■ Exercise prompt: Write again exactly the lines in the listing below, starting at the line with "Easy peasy dinner" and ending at the line with "Болторез компактный, 200", both included. Pictures are not copied.

Exercise data section start

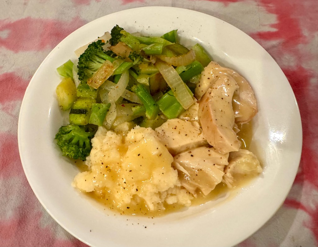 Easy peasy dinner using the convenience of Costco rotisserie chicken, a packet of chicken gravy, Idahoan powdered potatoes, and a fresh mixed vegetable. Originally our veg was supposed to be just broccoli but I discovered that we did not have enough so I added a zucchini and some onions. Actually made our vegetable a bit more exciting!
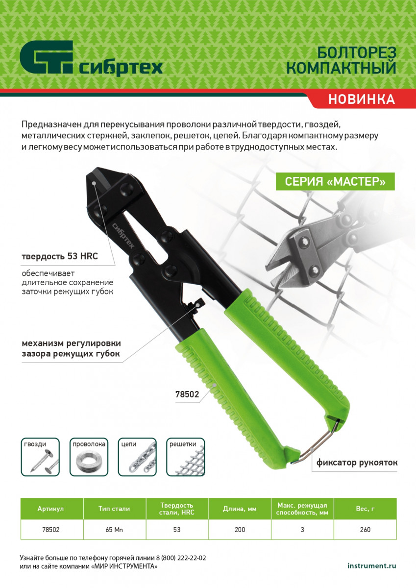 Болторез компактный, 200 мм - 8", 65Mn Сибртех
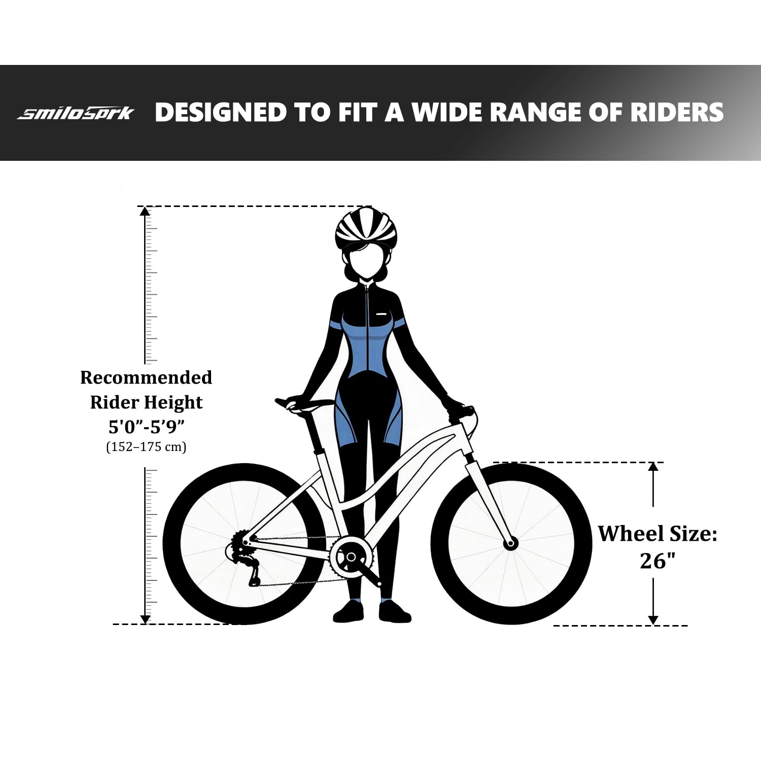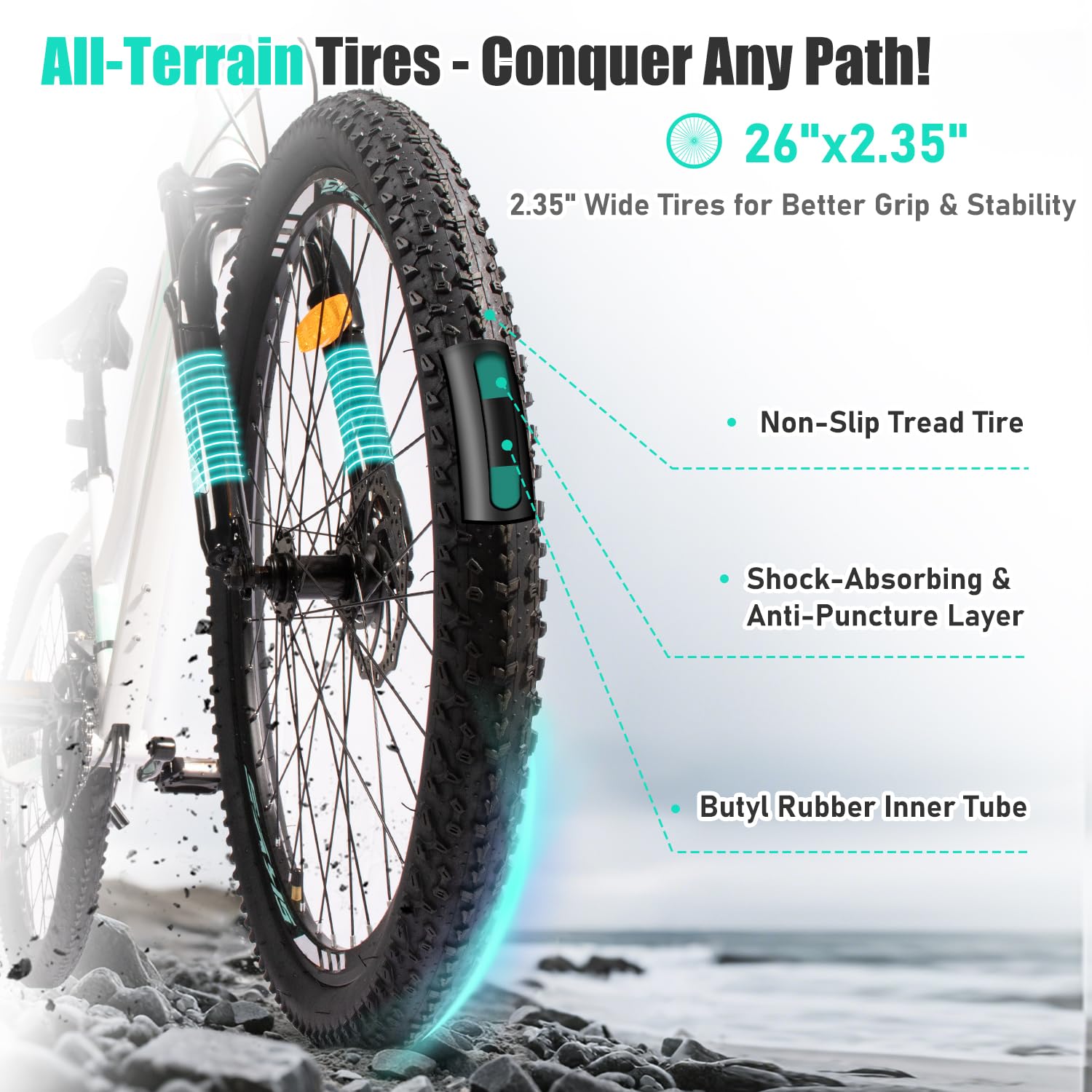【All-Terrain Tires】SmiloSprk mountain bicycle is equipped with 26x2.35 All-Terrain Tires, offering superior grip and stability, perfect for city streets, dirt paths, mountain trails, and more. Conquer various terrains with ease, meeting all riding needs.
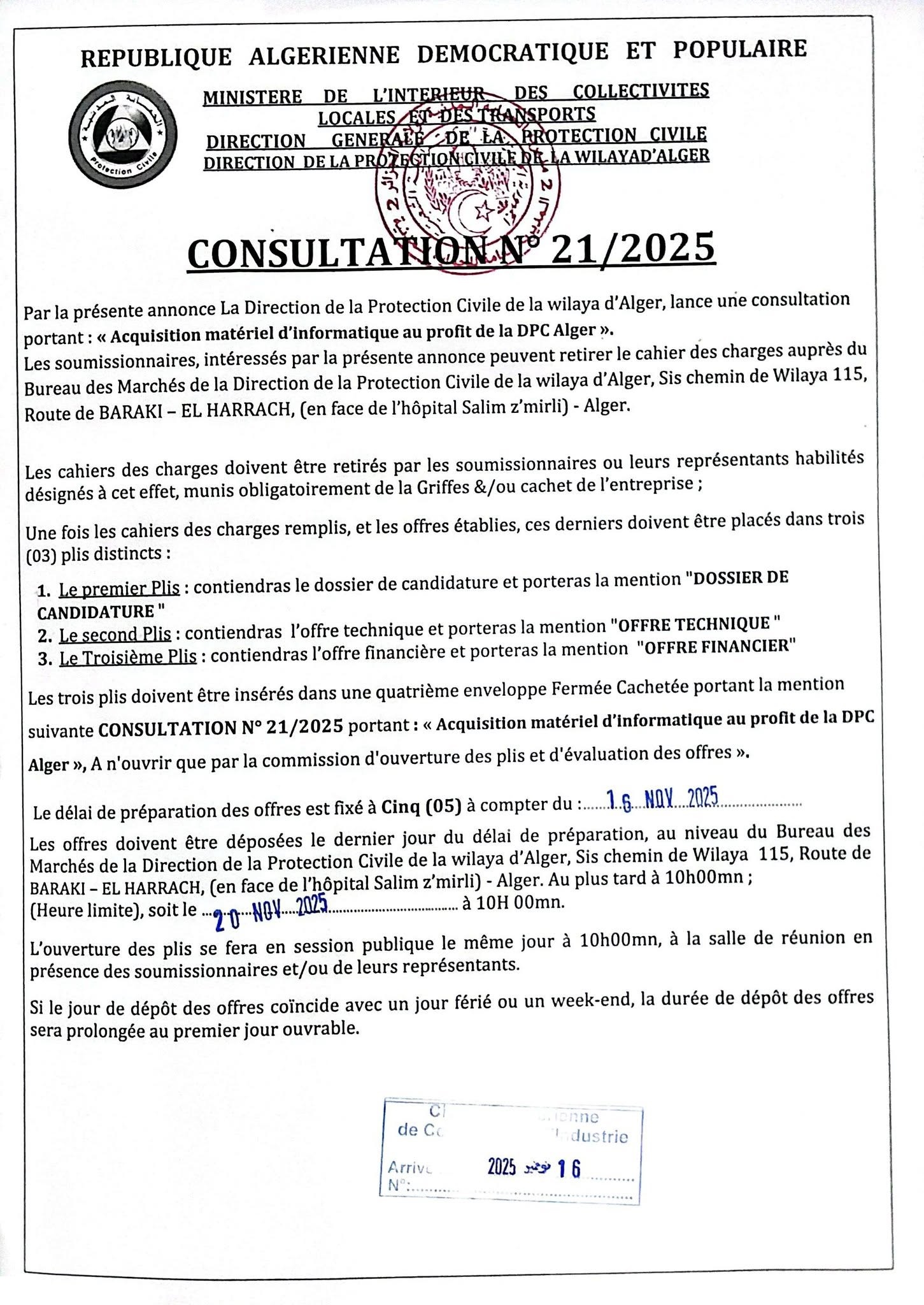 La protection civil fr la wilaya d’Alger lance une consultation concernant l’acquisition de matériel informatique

Exercise data section end
Exercise data section start

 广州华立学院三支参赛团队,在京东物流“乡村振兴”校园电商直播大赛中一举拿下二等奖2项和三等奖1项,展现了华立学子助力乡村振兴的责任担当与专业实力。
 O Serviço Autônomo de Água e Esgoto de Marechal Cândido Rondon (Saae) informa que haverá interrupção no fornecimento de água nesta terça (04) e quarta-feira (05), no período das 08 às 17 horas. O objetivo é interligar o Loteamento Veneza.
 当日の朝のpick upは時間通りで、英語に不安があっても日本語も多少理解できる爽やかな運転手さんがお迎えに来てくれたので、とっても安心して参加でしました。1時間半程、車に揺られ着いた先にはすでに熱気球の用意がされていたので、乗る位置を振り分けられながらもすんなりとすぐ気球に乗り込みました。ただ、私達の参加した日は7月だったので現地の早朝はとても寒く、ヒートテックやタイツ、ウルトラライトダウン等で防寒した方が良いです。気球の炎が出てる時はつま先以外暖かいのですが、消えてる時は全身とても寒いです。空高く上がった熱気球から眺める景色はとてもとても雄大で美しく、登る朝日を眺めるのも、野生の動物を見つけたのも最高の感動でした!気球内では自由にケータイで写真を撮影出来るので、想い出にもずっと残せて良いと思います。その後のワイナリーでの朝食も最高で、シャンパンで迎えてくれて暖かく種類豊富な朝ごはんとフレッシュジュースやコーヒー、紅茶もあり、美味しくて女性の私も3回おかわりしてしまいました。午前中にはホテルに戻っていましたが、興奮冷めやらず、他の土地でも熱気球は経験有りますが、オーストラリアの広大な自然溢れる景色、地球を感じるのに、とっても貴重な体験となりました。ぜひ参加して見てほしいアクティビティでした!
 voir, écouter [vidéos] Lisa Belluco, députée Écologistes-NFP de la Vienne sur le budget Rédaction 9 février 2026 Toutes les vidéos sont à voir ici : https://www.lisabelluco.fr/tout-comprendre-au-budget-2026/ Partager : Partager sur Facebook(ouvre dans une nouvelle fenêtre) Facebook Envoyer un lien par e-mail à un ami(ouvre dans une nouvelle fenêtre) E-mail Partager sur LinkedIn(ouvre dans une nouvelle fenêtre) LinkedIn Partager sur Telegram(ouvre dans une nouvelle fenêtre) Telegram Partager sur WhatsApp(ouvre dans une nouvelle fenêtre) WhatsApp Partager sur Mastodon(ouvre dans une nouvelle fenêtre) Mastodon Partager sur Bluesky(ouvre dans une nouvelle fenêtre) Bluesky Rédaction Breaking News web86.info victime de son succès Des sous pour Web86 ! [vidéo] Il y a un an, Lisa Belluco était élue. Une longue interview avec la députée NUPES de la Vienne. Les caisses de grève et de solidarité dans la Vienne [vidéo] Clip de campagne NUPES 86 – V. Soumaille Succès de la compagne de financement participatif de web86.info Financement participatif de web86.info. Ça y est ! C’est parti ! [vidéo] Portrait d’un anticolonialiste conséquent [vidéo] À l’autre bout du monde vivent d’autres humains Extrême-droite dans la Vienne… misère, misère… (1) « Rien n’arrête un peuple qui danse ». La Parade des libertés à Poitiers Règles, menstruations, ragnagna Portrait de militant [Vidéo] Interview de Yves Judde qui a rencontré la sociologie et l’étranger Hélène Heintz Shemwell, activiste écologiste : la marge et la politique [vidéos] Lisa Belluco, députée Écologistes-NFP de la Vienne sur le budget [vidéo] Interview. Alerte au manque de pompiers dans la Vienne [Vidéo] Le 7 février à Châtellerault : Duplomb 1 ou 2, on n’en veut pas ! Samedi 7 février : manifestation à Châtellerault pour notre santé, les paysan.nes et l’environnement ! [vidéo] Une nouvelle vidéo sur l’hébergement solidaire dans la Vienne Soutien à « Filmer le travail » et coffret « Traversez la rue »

Exercise data section end

■ Reply to the task:
 Easy peasy dinner using the convenience of Costco rotisserie chicken, a packet of chicken gravy, Idahoan powdered potatoes, and a fresh mixed vegetable. Originally our veg was supposed to be just broccoli but I discovered that we did not have enough so I added a zucchini and some onions. Actually made our vegetable a bit more exciting!
 Болторез компактный, 200 мм - 8", 65Mn Сибртех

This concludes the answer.